Semiconductor devices such as logic and memory devices are typically fabricated by a sequence of processing steps applied to a specimen. The various features and multiple structural levels of the semiconductor devices are formed by these processing steps. For example, lithography among others is one semiconductor fabrication process that involves generating a pattern on a semiconductor wafer. Additional examples of semiconductor fabrication processes include, but are not limited to, chemical-mechanical polishing, etch, deposition, and ion implantation. Multiple semiconductor devices may be fabricated on a single semiconductor wafer and then separated into individual semiconductor devices.
Metrology processes are used at various steps during a semiconductor manufacturing process to detect defects on wafers to promote higher yield. In the field of semiconductor metrology, a metrology tool includes an illumination system which illuminates a target, a collection system which captures relevant information provided by the illumination system's interaction (or lack thereof) with a target, and a processing system which analyzes the information collected using one or more algorithms. Metrology tools can be used to measure structural and material characteristics (e.g., material composition, dimensional characteristics of structures and films such as film thickness and/or critical dimensions of structures, overlay, etc.) associated with various semiconductor fabrication processes. These measurements are used to facilitate process controls and/or yield efficiencies in the manufacture of semiconductor dies.

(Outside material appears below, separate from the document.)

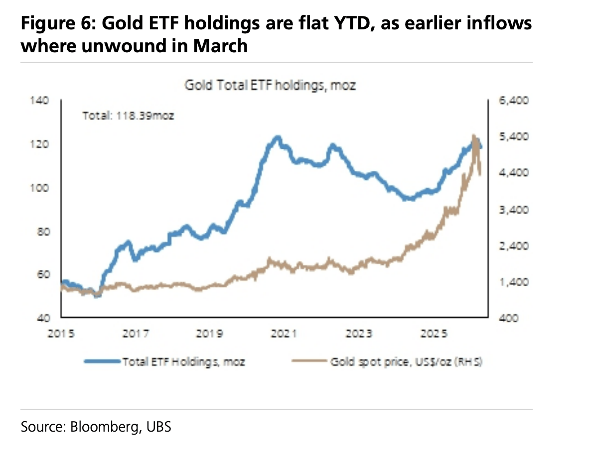 在价格层面,瑞银把短期定义为“噪音很多”:地缘局势的新闻循环会让金价继续震荡、盘整;但中期逻辑仍指向新高,并将2026年金价年均预测下调至5000美元(此前5200美元,主要是对一季度的账面调整),维持年底目标价5600美元(1月底设定)。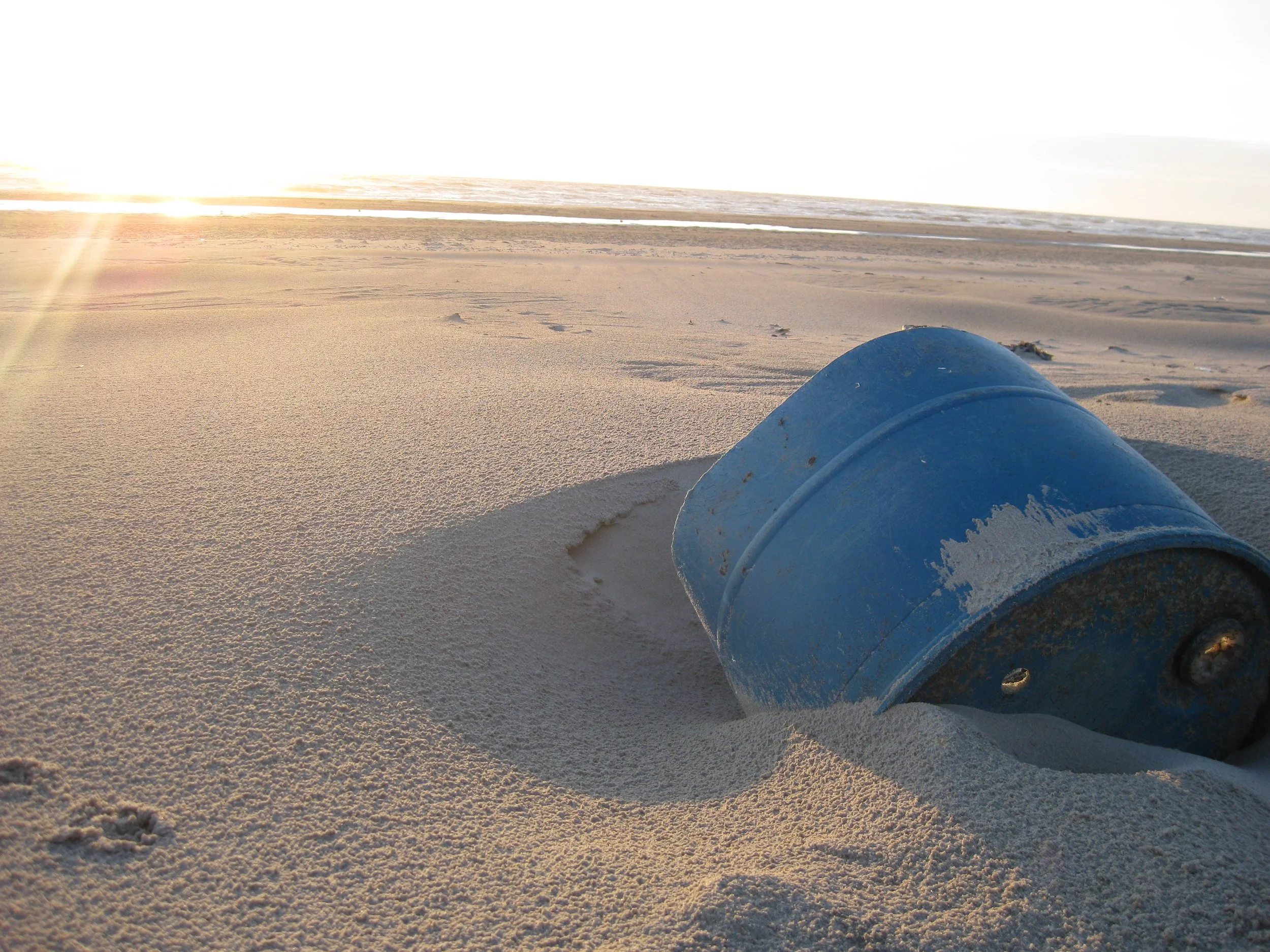 Vejers strand med blå tønde - Foto: Hanne Schwarz

Bright field (BF) and dark field (DF) metrology modalities may be used to measure specular or quasi-specular surfaces such as semiconductor wafers. BF metrology systems position collection optics to capture a substantial portion of the light spectrally reflected by the surface under inspection. DF metrology systems position collection optics substantially out of the path of the spectrally reflected light such that the collection optics capture light scattered by objects on the surface being measured. Viable metrology systems, particularly systems employing a BF measurement modality, require high radiance illumination and a high numerical aperture (NA) to maximize the defect sensitivity of the system. In general, the defect sensitivity of a metrology system is proportional to the wavelength of the illumination light divided by the NA of the objective. Without further improvement in NA, the overall defect sensitivity of current metrology tools is limited by the wavelength of the illumination source.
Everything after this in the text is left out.